2010-07-29 / Front Page

Fourth Street closed this week

By Tom Crawford
News Editor

Construction work in downtown Staples will reach Fourth Street this week, with the major north south road in Staples likely to be closed to most traffic for a few weeks.

Drivers should be looking for alternate north -south routes, which will include at least two intersections - Sixth and Eighth Streets - that are now gravel surfaces.

The first backhoe from Tom’s Backhoe Service on Wednesday was expected to be tearing up the Fourth Street intersection near the Sacred Heart Church and the Staples Post Office. By Friday evening the full block between Second and Third Avenues in Staples should be torn up to allow installation of new sanitary sewer and water lines.

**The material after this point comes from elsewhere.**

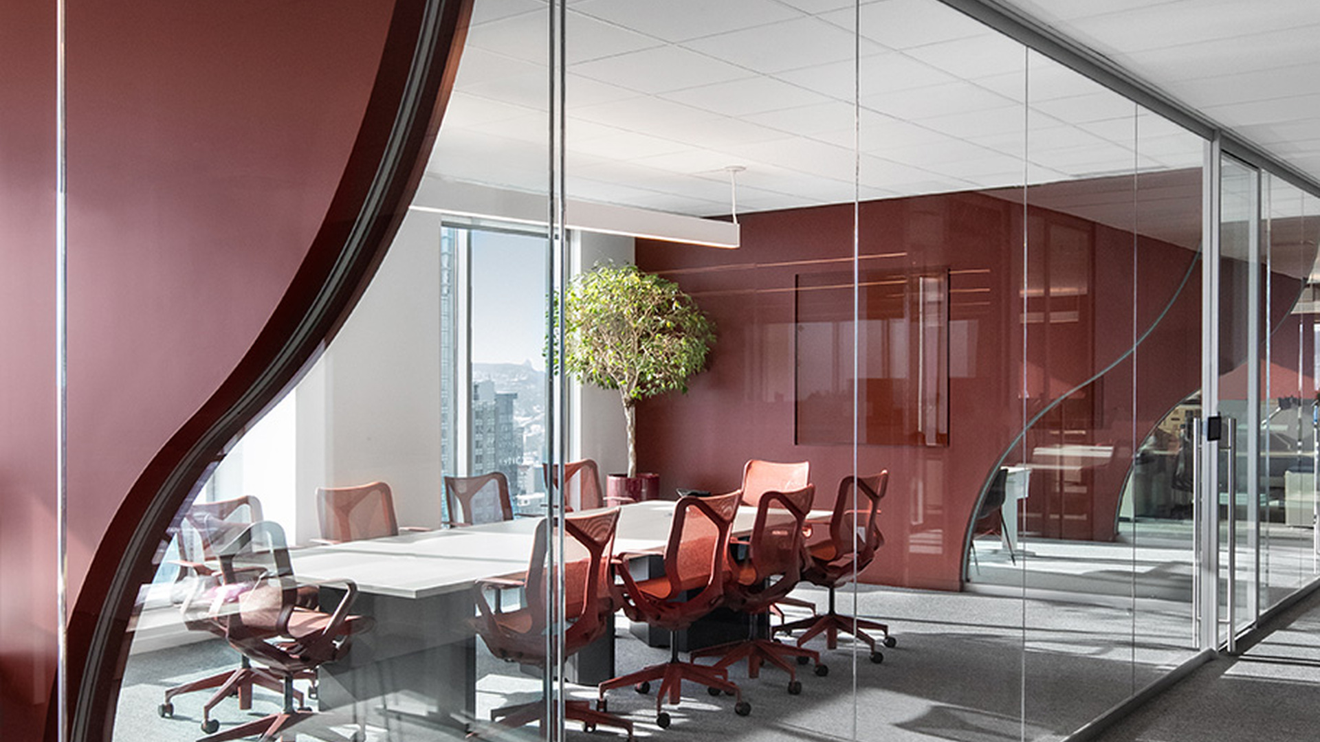 Le verre de ce mur est transparent, mais les murs derrière lui sont bleus, ce qui donne l’impression que c’est le verre lui-même qui est teinté. On a utilisé la transparence du verre sans nécessairement opter pour un verre spécial. De cette manière, nous voyons un bleu profond de l’extérieur, mais, une fois à l’intérieur de la pièce, nous profitons de la revigorante lumière naturelle du soleil. De plus, le tapis et le plafond de couleur bleue donnent l’illusion que le verre est bombé. Le fini anodisé noir ajoute une touche finale sans faille. Cette conception intelligente attire l’attention et crée un riche contraste avec les couleurs plus claires de l’aménagement du bureau ouvert.
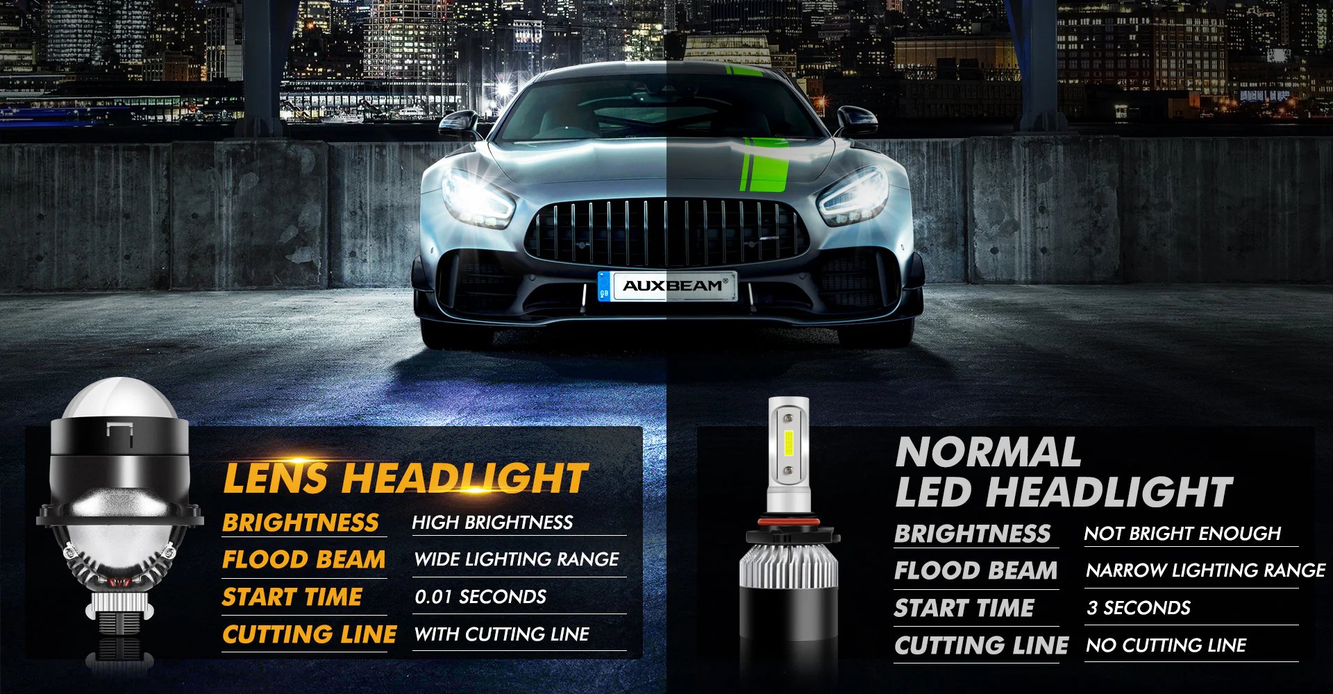 - 2 individual LED Spotlight chips emit strong, focused, and long-range third light through the 2 small lenses, providing 500% brighter than halogen bulbs and 300% brighter than normal LED bulbs.

Discussing progress Tuesday morning at the weekly progress meeting on the Old Highway 10 Turnback project, engineers and city officials said parts of the east end of the project now have returned to paved roadways, while new blocks to the west are being torn up.

While the Tuesday morning storm caused work to come to a halt, Tom Thompson, contractor and owner of the Tom’s Backhoe Service, said the day was being used to plan and prepare for drier weather.

The project is now in the downtown area and will be affecting more businesses each day. At least one, the Staples Laundromat, reportedly is closing down for a time due to the construction. Other businesses are arranging special parking areas and advising use of side or back doors for customers.

Temporary water services are in place along Fourth Street and for most businesses and homes along Second Avenue, the route of the former Highway 10. In the downtown area, plywood sheets will be used to provide temporary sidewalks in front of businesses.

Tom’s crews on Monday installed sanitary sewer lines and manholes in the Fifth Street intersection area, which was an especially tough portion of the project.

Progress reports included the following;

East end, Second Avenue from 9th to

12th streets N.E.

Anderson Brothers crews laid the first layer of asphalt Friday on three blocks of Second Avenue, plus one block long sections of 9th and 11th Streets N.E. Local traffic only is being advised on these streets, which serve businesses and private homes on the east end of the project. Doucette Landscaping has started work on retaining walls in this area, which could take two to three weeks to complete. Sidewalks will follow the retaining walls.

Second Avenue, 6th

to 9th streets

Tom’s crews have returned the block from 8th to 9th streets to a level sand surface, with the sub grade being hauled in. The Eighth Street intersection is gravel and open to north south traffic. Sixth to Eighth Street is still tore up.

Second Avenue, 5th

to 6th streets

Thompson said he expects the Sixth Street intersection to be open to north-south traffic by late this week. They will be finishing with the large storm sewer installation under Second Avenue this week .

Fourth Street, Third

to Second Ave.

This one block will be torn up this week and excavating for water and sewer lines started. The fourway stop sign intersection at Second Avenue will be open to traffic this weekend.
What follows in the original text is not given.